Au moment où l'accusé Huber va comparaître devant la Haute Cour de justice, le soussigné
croit devoir porter à la connaissance de M. le Procureur général les faits suivants :
Quelques jours après le 15 mai, M. Monier qui remplissait alors les fonctions de secrétaire général à la Préfecture de police, rapporta des archives un dossier portant en suscription le nom d'Huber. Il le lut, et comme il voulait, pour la bonne règle, que ce dossier ne restât pas longtemps hors du lieu du dépôt, il me chargea de le copier aussitôt, manquant lui-même de temps pour cela. Je m'acquittai immédiatement de ce travail; je copiai textuellement les deux lettres d'Huber. Quant à son rapport sur l'affaire Grouvelle, je n'en fis, vue son étendue, qu'un résumé court mais précis, et le dossier fut aussitot reporté aux Archives. De deux copies que je fis, je donnai l'une à M. Monier et la seconde resta entre mes mains.

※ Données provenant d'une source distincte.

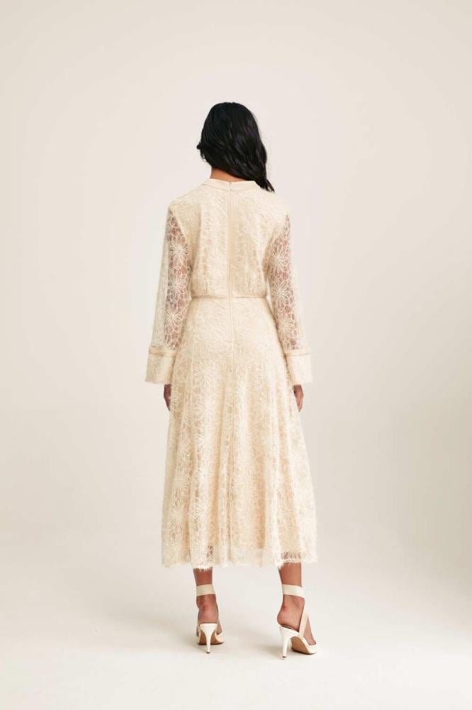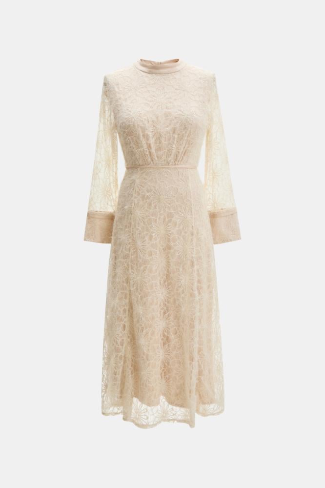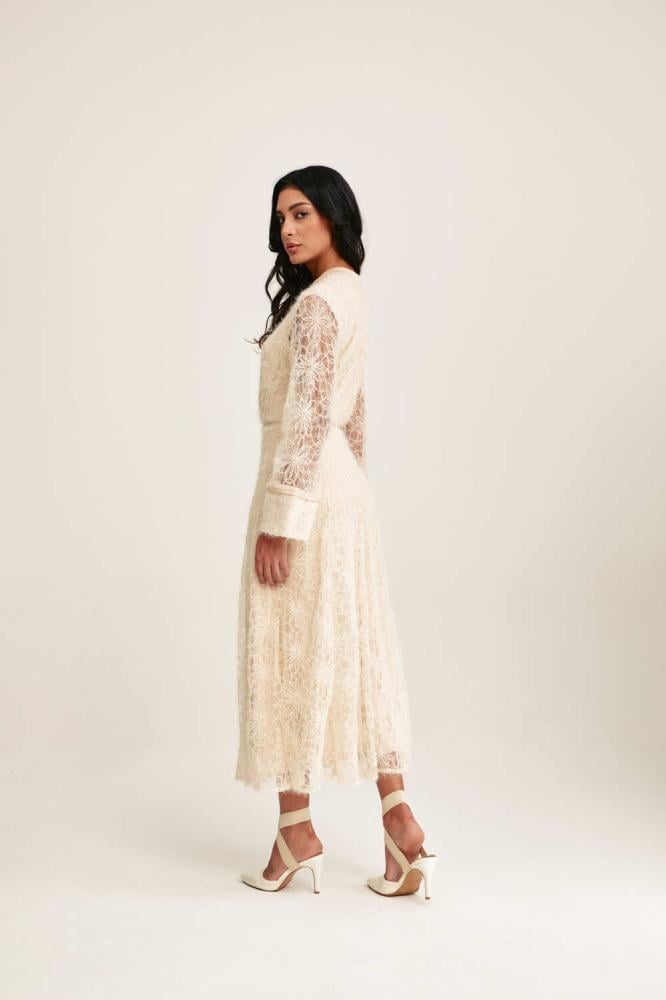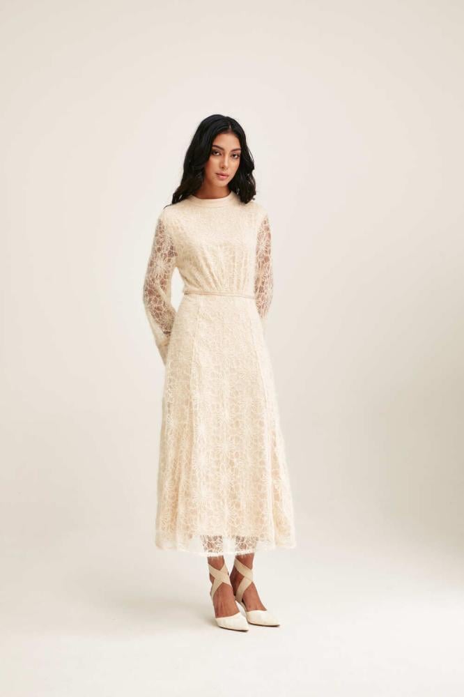 فستان بتصميم كلاسيكي مفعم بالفخامة يضفي لمسة جذابة على إطلالتك. ويأتي بأكمام شفافة تكسبه طابعًا كلاسيكيًا . ويأتي مصنوعًا من قماش مزين بتطريزات موردة بالترتر تضفي عليه لمسة لامعة.

Malgré la gravité de cette découverte qui semblait établir une identité incontestable entre le signataire du rapport et l'auteur principal du 15 mai, le silence fut gardé. M. Trouvé-Chauvel, qui venait de succéder à M. Caussidière, fut le seul, si j'en crois mes souvenirs, à qui M. Monier me dit en avoir donné connaissance. Et l'on eut tort de tenir ce secret dans les archives. En face d'un fait historique aussi considérable que la dissolution de l'Assemblée nationale, la réserve devenait une faute. Cet avis, émis par moi, ne prévalut pas, et je dus me résigner à ajourner la divulgation de ce document.

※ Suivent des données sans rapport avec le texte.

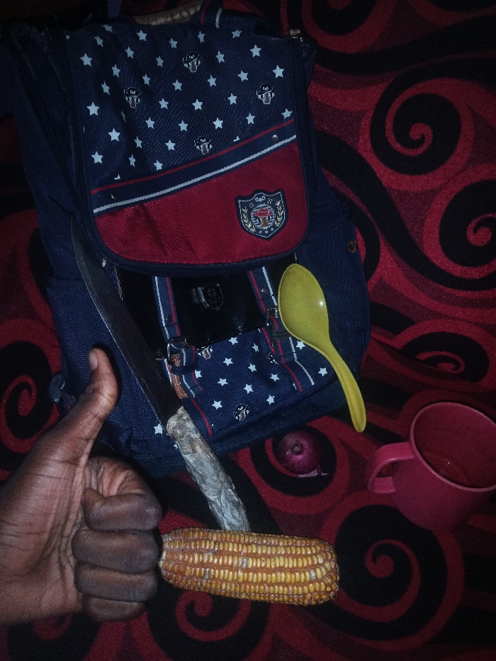 This scene, located in Narayi, Nigeria, displays a collection of items arranged on a dark red surface with black swirling patterns. A dark-skinned human hand is positioned in the lower-left, giving a thumbs-up gesture. Immediately to the right of the hand, a dried ear of yellow corn rests horizontally. Above the corn and partially obscured by the hand, a machete with a light-colored, possibly wrapped, handle lies diagonally across the image. In the upper-center, a blue backpack or bag with white star patterns and a red flap featuring a crest logo is visible. A yellow plastic spoon lies on top of the backpack flap. To the right of the machete's handle, a single small red onion is present. A pink plastic mug is situated in the lower-right corner of the frame.

Longtemps après, au mois de février suivant, je crois, assistant à une réunion d'amis, je me trouvai assis à table à côté de M. Laurent de l'Ardèche que je ne connaissais point auparavant et qui me dit être l'oncle de Raspail. Je lui confiai alors la découverte faite aux archives. Il me pria de lui en remettre une note pour être communiquée à son parent. Je la lui portai deux jours après; elle était, quant au fonds, absolument conforme à celle dont il a été donné lecture à la Haute Cour de Bourges. Je confiai cette note à M. Laurent, à la condition expresse qu'elle ne serait communiquée à aucun journal, qu'elle ne deviendrait pas une cause de scandale et ne servirait aux accusés qu'au jour du jugement. La condition apportée à la remise de cette note a été totalement remplie.
Huber a, depuis le procès des accusés de Mai, fait insérer plusieurs lettres dans les journaux. Il nie qu'il ait jamais eu des relations quelconques avec M. Delessert. Je dois faire connaître le fait suivant qui pourra faire apprécier la valeur de ses dénégations.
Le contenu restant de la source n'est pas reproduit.